So I’ve been with my girlfriend for a while now, and it’s mostly great. She’s amazing, fun, smart, and we have this comfortable vibe together. But there’s one big issue: her dog. She rescued this little guy, and he’s super attached to her, like to the point of obsession.
I love animals too; I have a cat and grew up with dogs, so I thought I’d be fine with it. But this dog has major separation anxiety. He follows her everywhere, won’t let her out of sight, hides treats in her bed, and even tries to…well, you know, ‘get close’ to her arm sometimes. It’s awkward.
Recently, we went to a cabin, and the dog insisted on sharing our bed, constantly moving around, even trying to lay on my head. We also can’t go out to eat or explore new places together because she won’t leave him alone. It feels like everything we do is planned around her dog.

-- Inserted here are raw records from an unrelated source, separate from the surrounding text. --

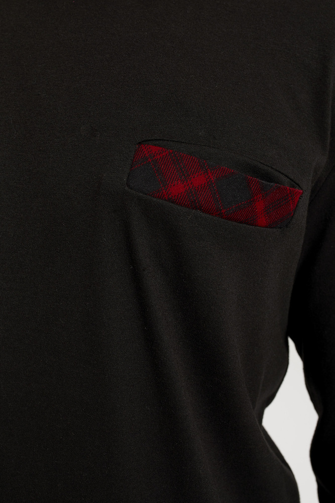 Zachwycająca swoją prostotą piżama męska Zeman, to idealne uzupełnienie kolekcji na zimowy czas. Zaprojektowana i uszyta z dbałością każdy element i sposób wykończenia zapewnia wysoką jakość i trwałość. Wykonana została w 100% z bawełny, tym samym gwarantując skórze komfort i przyjemność. Piżama składa się z bluzki na długi rękaw w kolorze czarnym z ozdobnym, kontrastowym obszyciem wokół dekoltu oraz kieszonki na piersi wykończonej materiałem z motywem nawiązującym do dołu piżamy.
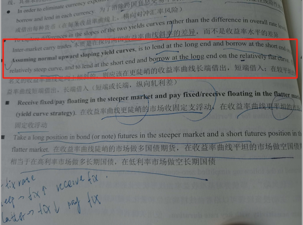 最后我们看笔记中再下一句话,就是说更陡峭的市场应该收固支浮。你认为的矛盾点应该就是说这里。 但这个收固支浮是指的在当前预测收益率曲线变动趋势的情况下,做出的操作,是基于当前的spot rate而言的。 那么预测未来长期收益率增长幅度大于短期,当下就应该增加duration,所以有收固定支浮动的策略。 这里没有涉及长短期的考量,就是即时。
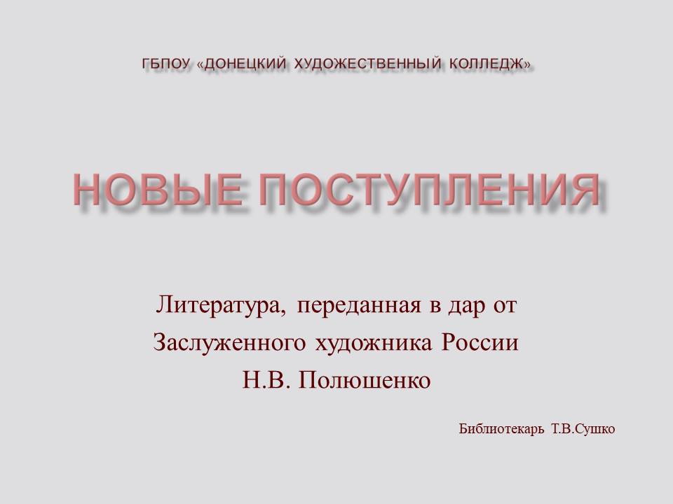 Заслуженный художник России Николай Полюшенко передал в дар Донецкому художественному колледжу печатные издания своих творческих работ. Благодарим автора за ценный дар и представляем мультимедийную выставку изданий, которые пополнили фонд библиотеки колледжа.
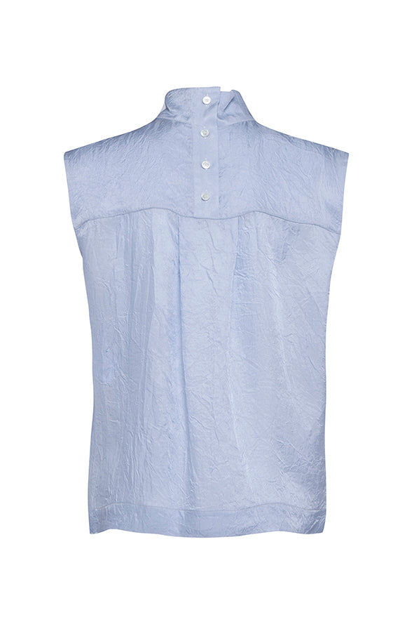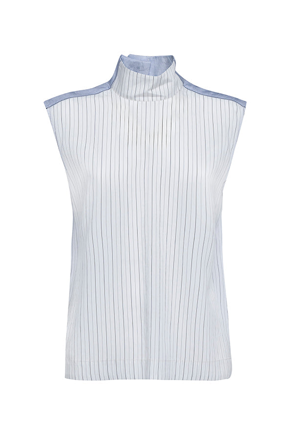 Sleeveless high neck top in viscose blend with a contrasting fabric on the back.
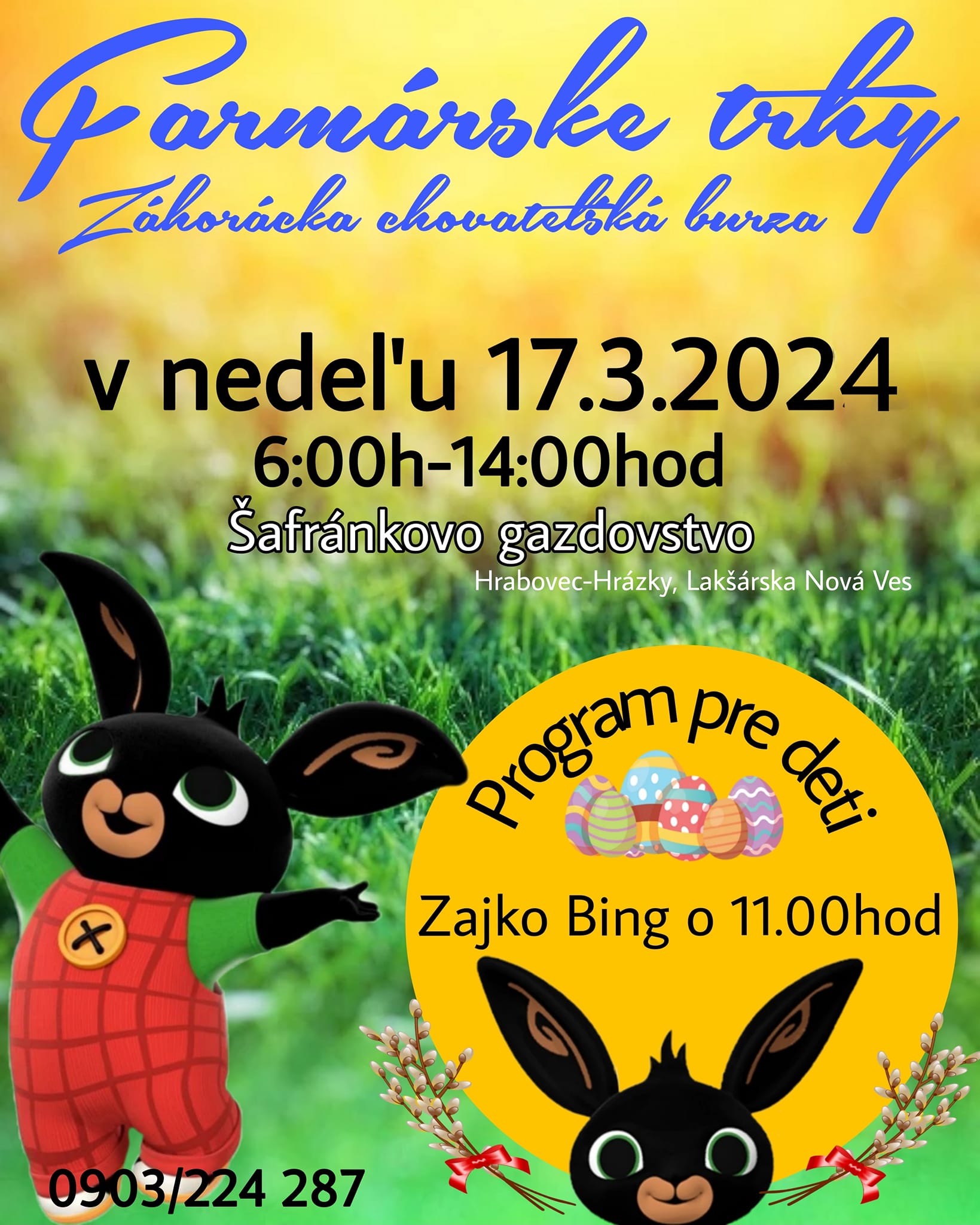 Kedy: V nedeľu 17.3.2024 od 6:00 ráno do 14.00hod (v prípade pekného počasia aj dlhšie)
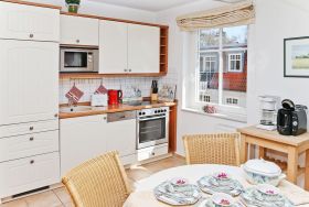 Die gemütliche 3-Zimmer-Fewo befindet sich im 2. Obergeschoss, ist ca. 60 m² groß und für bis zu 4 Personen eingerichtet. Schlafmöglichkeiten stellt ein Doppelbett im Schlafzimmer und ein Etagenbett im 2. Schlafzimmer.
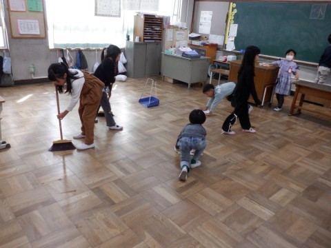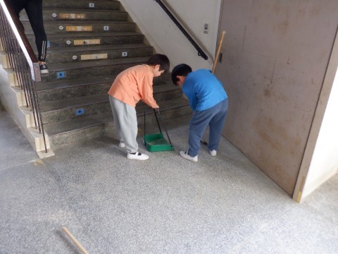 教室、ろう下などみんな一生懸命に掃除をしています。これから気温が下がってくるとぞうきんがけは手が冷たくなって大変ですね。みんなで協力して頑張りましょう。

The worst part happened yesterday. I went over to her place, and just as things were getting intimate, her dog jumped on the bed and ‘joined in.’ I was beyond embarrassed. I’ve tried to talk to her about it, suggested things to help her dog be more secure alone, but she doesn’t seem open to changing anything. I feel like she’s not taking my concerns seriously.
How do I explain my feelings in a way that won’t sound like an ultimatum but still get her to understand? I don’t want to ignore this anymore. Would love some advice.
At this point, it sounds like you need to be direct about it. She’s not taking it seriously, so maybe it’s time to let her know this is a dealbreaker. Otherwise, if you keep just mentioning it casually, nothing will change.
Mal said: @Miller
Thanks for your advice! Won’t that come off as an ultimatum?
Yeah, but maybe it needs to. If gentle suggestions haven’t worked and the dog’s behavior is affecting the relationship, it’s fair to set some boundaries. You deserve a relationship where you’re not competing with her dog for attention. It’s either she makes some changes, or maybe you need to rethink things.
Mal said: @Miller
Thanks for your advice! Won’t that come off as an ultimatum?
I don’t think it’s a harsh ultimatum because you’re not asking her to get rid of the dog—just to address his behavior. It’s reasonable to want some boundaries.
How bad is the separation anxiety? Could you just put him in a crate when you want some alone time? Honestly, I think your girlfriend’s making it worse by not setting boundaries with the dog. There are things like calming collars that might help.
@Skyler
He can’t be left alone for even a few minutes. He’ll howl, scratch the door, and try to chew through metal. I think it’s pretty severe. They used to go to training classes, but they stopped after a while.
Mal said: @Lennon
She understands that, but it hasn’t bothered her much because she works from home. The problem only got worse when I started dating her.
Maybe showing her videos or articles about how this affects dogs could help. Some people don’t realize how miserable a dog with this kind of anxiety really is.
She’s letting the dog dictate her life and, by extension, yours too. The dog needs boundaries—no sharing the bed during intimate moments and no following you around constantly. Try crate training or give the dog something to do when you’re together, like a chew toy.
This sounds like a sign for the future. If she can’t take your feelings seriously now, what does that say about other issues you might face down the line?